RECORDED INFORMATION
++++++++++++++++++++
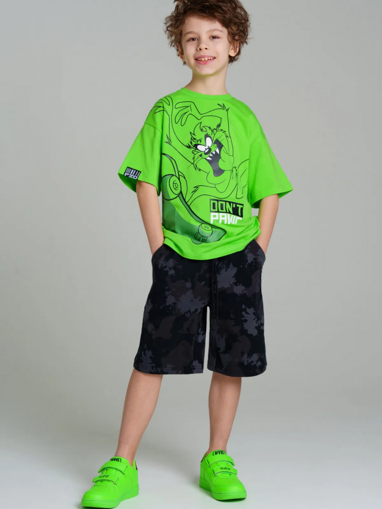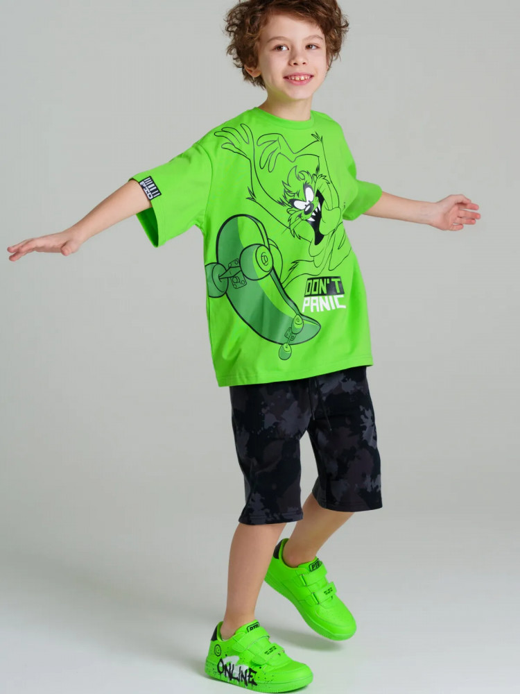 Комплект: футболка и шорты из качественного эластичного и приятного на ощупь трикотажа. Футболка oversize. Брюки comfort fit. На шортах эластичный пояс со шнурком. Карманы в боковых швах. Высокое содержание хлопка 95%. Благодаря наличию эластана в составе ткани изделие держит форму и меньше мнется.
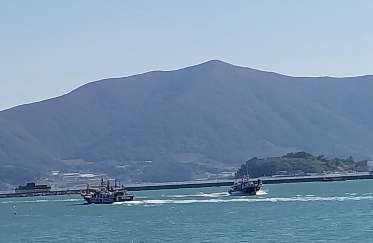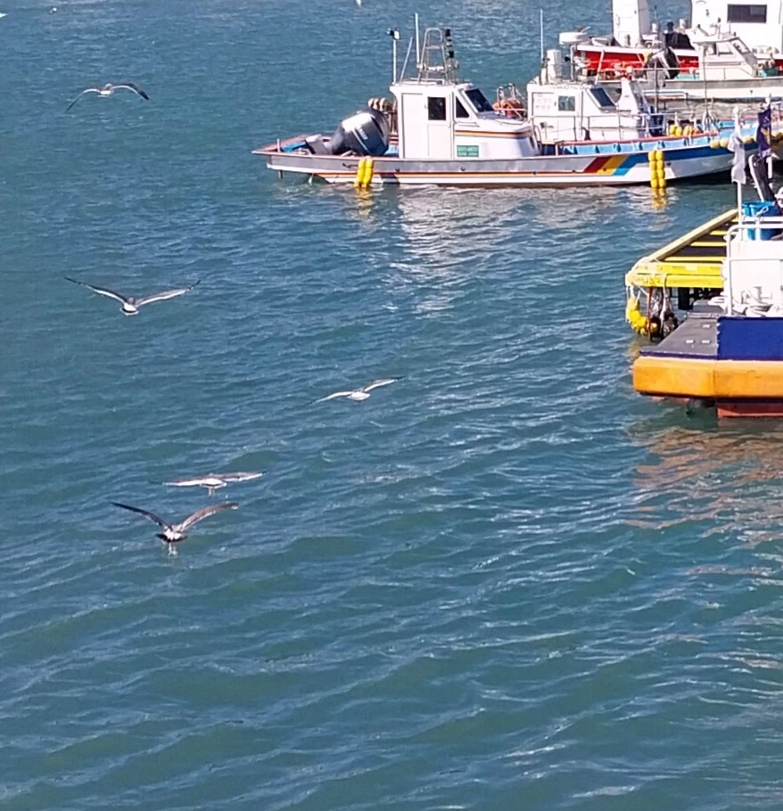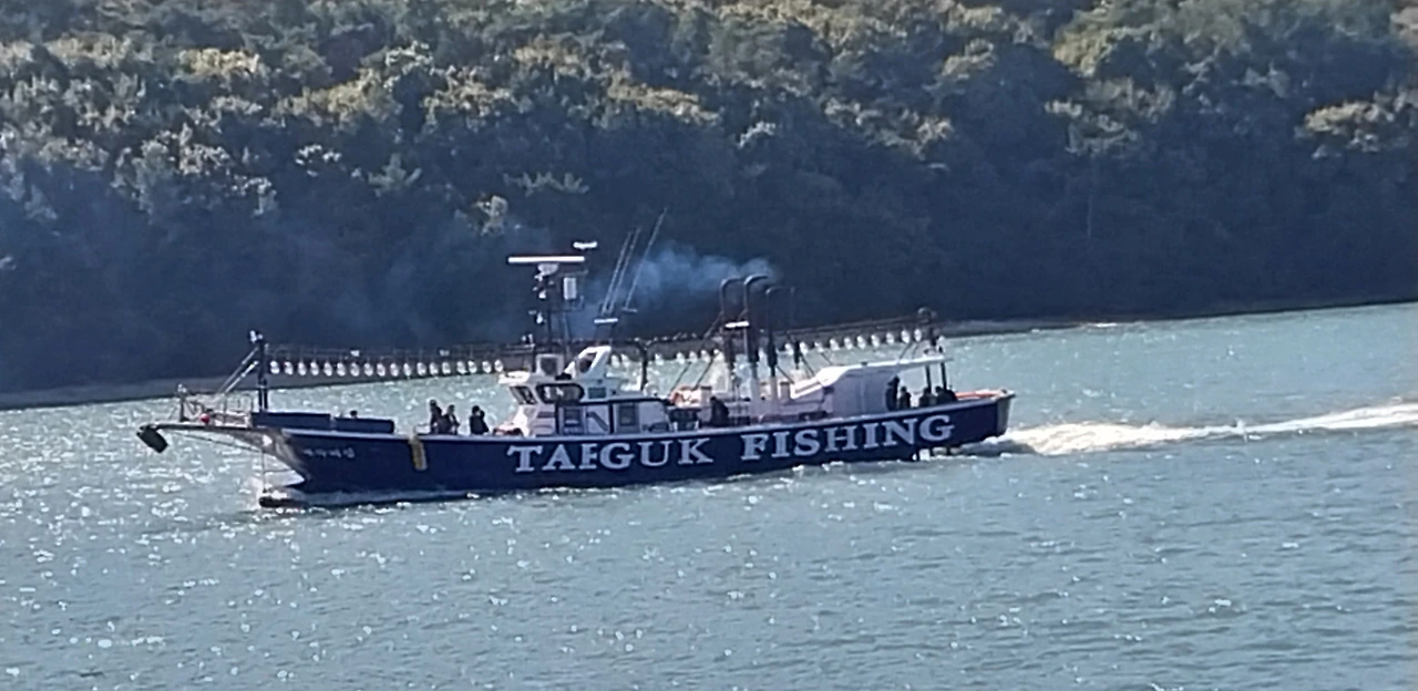 아침 바다에서 일하고 돌아오는 배를 따라 갈매기들이 먹거리가 있나 기웃대며 배위를 날고 있다
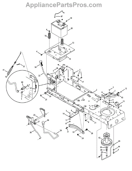 This lawn mower battery brace is compatible with Craftsman, MTD, Kmart, Troy-Bilt, and Yard-Man brands. The battery brace holds the battery in place creating a sturdy surface for the battery terminal to connect to the mower. Without a battery brace, the battery would be able to b around creating an unstable environment for the battery terminal connections, and could cause worse things like a battery leak or a fire. The more vibration the battery is exposed to the shorter its life will be, and an unsecured battery will void the warranty. If the battery terminals become too corroded, mix 1 cup of water and 1 teaspoon of baking soda until the baking soda is dissolved. Then pour the mixture over the battery terminals to dissolve any corrosion. Batteries are toxic, so when changing a battery out, properly disposing of it is recommended. When installing a new battery, place a small amount of petroleum jelly onto the battery terminals to prevent the battery from developing corrosion. After installing a new battery, make sure to securely mount the battery brace, to ensure the battery has a long life and is secure. This is a genuine OEM part sourced directly from the manufacturer and sold individually.
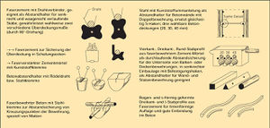 Verschieden geformte Kleinteile aus unterschiedlichem Material zum Anbringen an der Bewehrung
++++++++++++++++++++
WORK TASK
Output the data exactly. Pictures don't belong in the result.

EXERCISE RESULT
 Комплект: футболка и шорты из качественного эластичного и приятного на ощупь трикотажа. Футболка oversize. Брюки comfort fit. На шортах эластичный пояс со шнурком. Карманы в боковых швах. Высокое содержание хлопка 95%. Благодаря наличию эластана в составе ткани изделие держит форму и меньше мнется.
 아침 바다에서 일하고 돌아오는 배를 따라 갈매기들이 먹거리가 있나 기웃대며 배위를 날고 있다
 This lawn mower battery brace is compatible with Craftsman, MTD, Kmart, Troy-Bilt, and Yard-Man brands. The battery brace holds the battery in place creating a sturdy surface for the battery terminal to connect to the mower. Without a battery brace, the battery would be able to b around creating an unstable environment for the battery terminal connections, and could cause worse things like a battery leak or a fire. The more vibration the battery is exposed to the shorter its life will be, and an unsecured battery will void the warranty. If the battery terminals become too corroded, mix 1 cup of water and 1 teaspoon of baking soda until the baking soda is dissolved. Then pour the mixture over the battery terminals to dissolve any corrosion. Batteries are toxic, so when changing a battery out, properly disposing of it is recommended. When installing a new battery, place a small amount of petroleum jelly onto the battery terminals to prevent the battery from developing corrosion. After installing a new battery, make sure to securely mount the battery brace, to ensure the battery has a long life and is secure. This is a genuine OEM part sourced directly from the manufacturer and sold individually.
 Verschieden geformte Kleinteile aus unterschiedlichem Material zum Anbringen an der Bewehrung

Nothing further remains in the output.